Seasonal allergies are a yearly struggle for millions of people worldwide, and it seems that climate change is only making matters worse. A recent study published in ACS Earth and Space Chemistry demonstrates that common allergen-producing plants, such as ryegrass and ragweed, emit more “sub pollen particles” (SPPs) than previously thought.
Interestingly, these plants are more likely to impact climate through their intact pollen grains, which can boost cloud formation. Pollen, aside from being a nuisance to allergy sufferers, is essential for plants to exchange genetic material and reproduce.
When exposed to moisture, pollen grains can burst into tiny SPPs that are less than a micron long. Due to their smaller size, SPPs can reach the lower respiratory system, where they persist longer and cause more inflammation than their larger counterparts.
Both SPPs and whole pollen grains are thought to act as ice nucleation sites, which are miniature starting points for clouds.
However, SPPs and pollen form smaller, more numerous clouds that tend to retain their precipitation. It then traps radiant heat, contributing to climate change. Higher temperatures can then extend pollen-release periods, further aggravating the issue.

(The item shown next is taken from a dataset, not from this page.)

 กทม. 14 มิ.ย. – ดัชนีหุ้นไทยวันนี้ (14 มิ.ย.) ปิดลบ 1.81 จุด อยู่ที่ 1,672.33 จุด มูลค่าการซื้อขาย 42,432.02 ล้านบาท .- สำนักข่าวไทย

Brianna Matthews, Alyssa Alsante, and Sarah Brooks previously investigated how oak trees emit SPPs at different humidity levels.

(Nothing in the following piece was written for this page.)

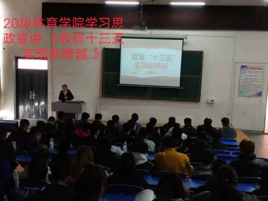 423日下午思政宣讲团成员、思政部教师邹红双在开元校区五区三楼多媒体教室开展以《收官“十三五” 实现新跨越》为主题的形势与政策专题讲座。来自体育学院2020级的学生参加了本次讲座。

In their new study, the researchers wanted to examine how two other common allergen-producing plants – ragweed and ryegrass – release SPPs under humid conditions and how these particles could affect ice cloud formation.
The experts collected samples of ryegrass and ragweed and placed them into a specialized “pollen chamber.” They exposed the samples to different humidity levels and bursts of wind over several hours to simulate real-world conditions.
By assessing the number of SPPs per pollen grain and the ice nucleation abilities of both, the team made a surprising discovery.
Their findings revealed that previous experiments on the same types of plants had underestimated the number of SPPs by a factor of 10 to 100. The researchers attributed this discrepancy to the less realistic methods used in earlier studies to spread the pollen and generate SPPs.
However, the experts also found that ragweed and ryegrass SPPs were very poor ice-nucleating sites, barely better than plain water.
In contrast, whole pollen grains facilitated cloud growth. These updated parameters and numbers of emitted pollen grains and particles could ultimately be used to create more accurate climate models.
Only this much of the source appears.